[Opening Data for analysis section]
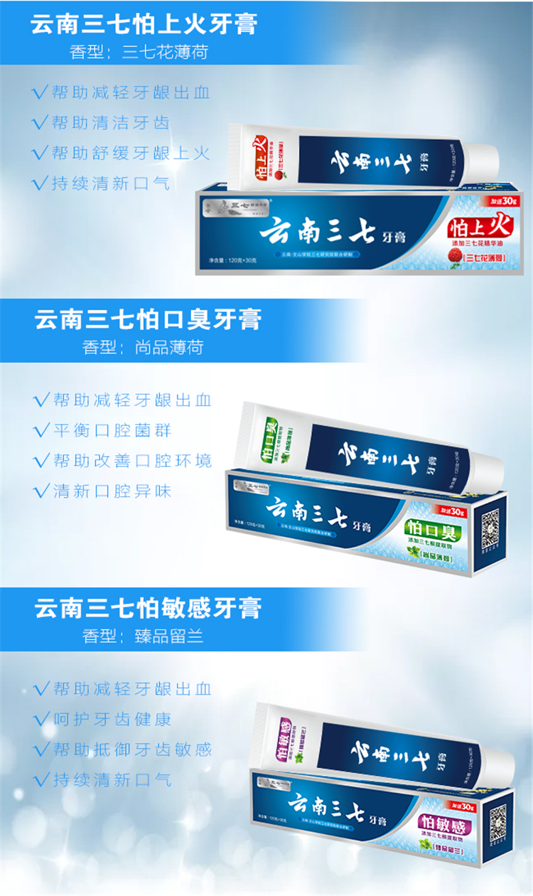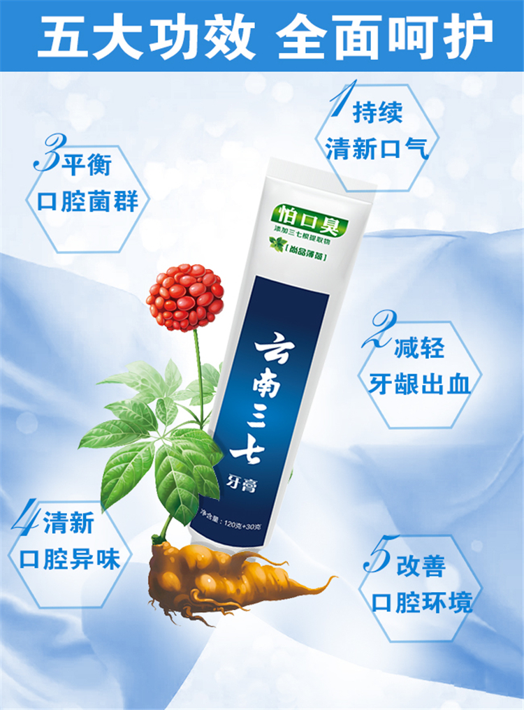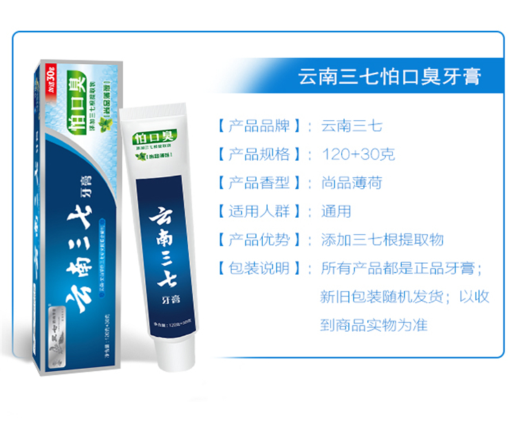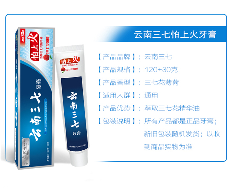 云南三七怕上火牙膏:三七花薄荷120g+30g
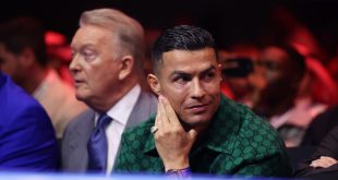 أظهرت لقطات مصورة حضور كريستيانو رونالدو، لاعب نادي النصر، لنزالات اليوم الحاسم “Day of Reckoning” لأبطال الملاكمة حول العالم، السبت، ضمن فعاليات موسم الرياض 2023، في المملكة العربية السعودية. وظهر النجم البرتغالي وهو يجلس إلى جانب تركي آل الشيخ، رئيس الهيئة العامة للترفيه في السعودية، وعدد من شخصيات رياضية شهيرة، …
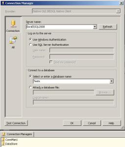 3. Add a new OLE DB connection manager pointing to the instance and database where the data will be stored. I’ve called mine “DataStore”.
[Closing Data for analysis section]
[Opening Data for analysis section]
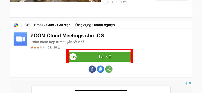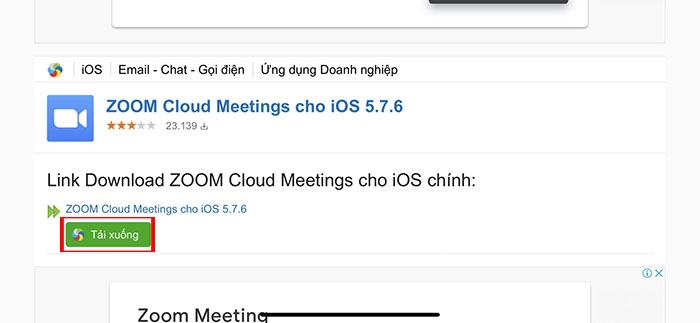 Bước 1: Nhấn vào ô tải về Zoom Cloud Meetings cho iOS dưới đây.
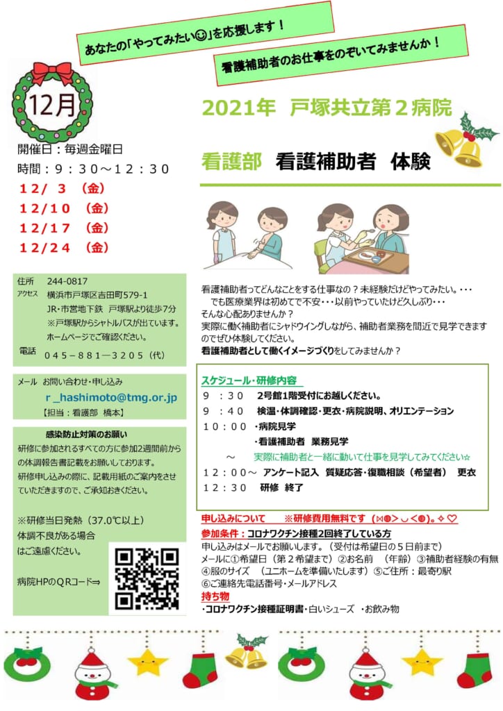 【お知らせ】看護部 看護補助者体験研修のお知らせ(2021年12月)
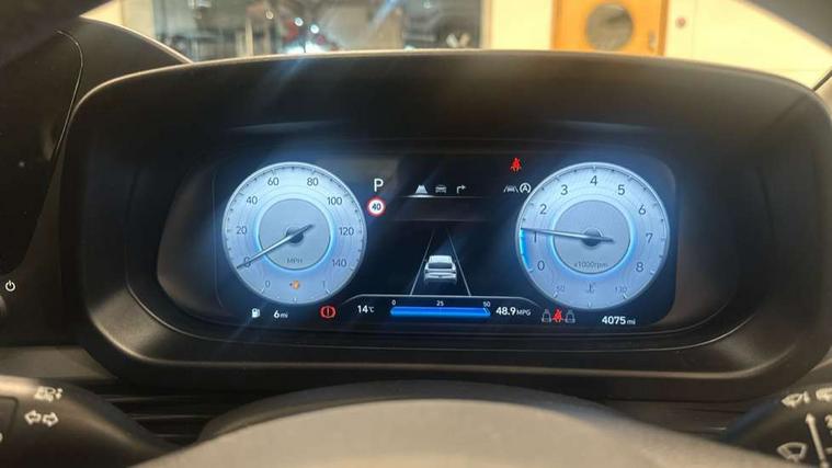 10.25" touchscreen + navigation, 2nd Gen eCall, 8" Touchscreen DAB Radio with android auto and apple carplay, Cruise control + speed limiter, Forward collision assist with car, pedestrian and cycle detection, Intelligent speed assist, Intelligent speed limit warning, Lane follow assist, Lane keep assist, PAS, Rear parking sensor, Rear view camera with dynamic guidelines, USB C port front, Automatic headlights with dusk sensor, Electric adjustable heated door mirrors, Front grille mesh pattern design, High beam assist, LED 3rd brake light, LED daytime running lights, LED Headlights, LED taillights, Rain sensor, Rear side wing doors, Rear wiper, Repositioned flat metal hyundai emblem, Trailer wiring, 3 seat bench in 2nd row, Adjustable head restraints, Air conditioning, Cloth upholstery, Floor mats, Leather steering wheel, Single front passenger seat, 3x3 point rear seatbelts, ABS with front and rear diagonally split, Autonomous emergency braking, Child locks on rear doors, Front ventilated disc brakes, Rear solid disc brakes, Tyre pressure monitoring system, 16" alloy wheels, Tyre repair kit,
[Closing Data for analysis section]
= Problem to solve =
Looking at the listing above, which lines run from the one containing "云南三七怕上火牙膏:三七花薄荷120g+30g" through the one containing "3. Add a new"? Print exactly those, ends included, pictures excluded.

= The answer =
 云南三七怕上火牙膏:三七花薄荷120g+30g
 أظهرت لقطات مصورة حضور كريستيانو رونالدو، لاعب نادي النصر، لنزالات اليوم الحاسم “Day of Reckoning” لأبطال الملاكمة حول العالم، السبت، ضمن فعاليات موسم الرياض 2023، في المملكة العربية السعودية. وظهر النجم البرتغالي وهو يجلس إلى جانب تركي آل الشيخ، رئيس الهيئة العامة للترفيه في السعودية، وعدد من شخصيات رياضية شهيرة، …
 3. Add a new OLE DB connection manager pointing to the instance and database where the data will be stored. I’ve called mine “DataStore”.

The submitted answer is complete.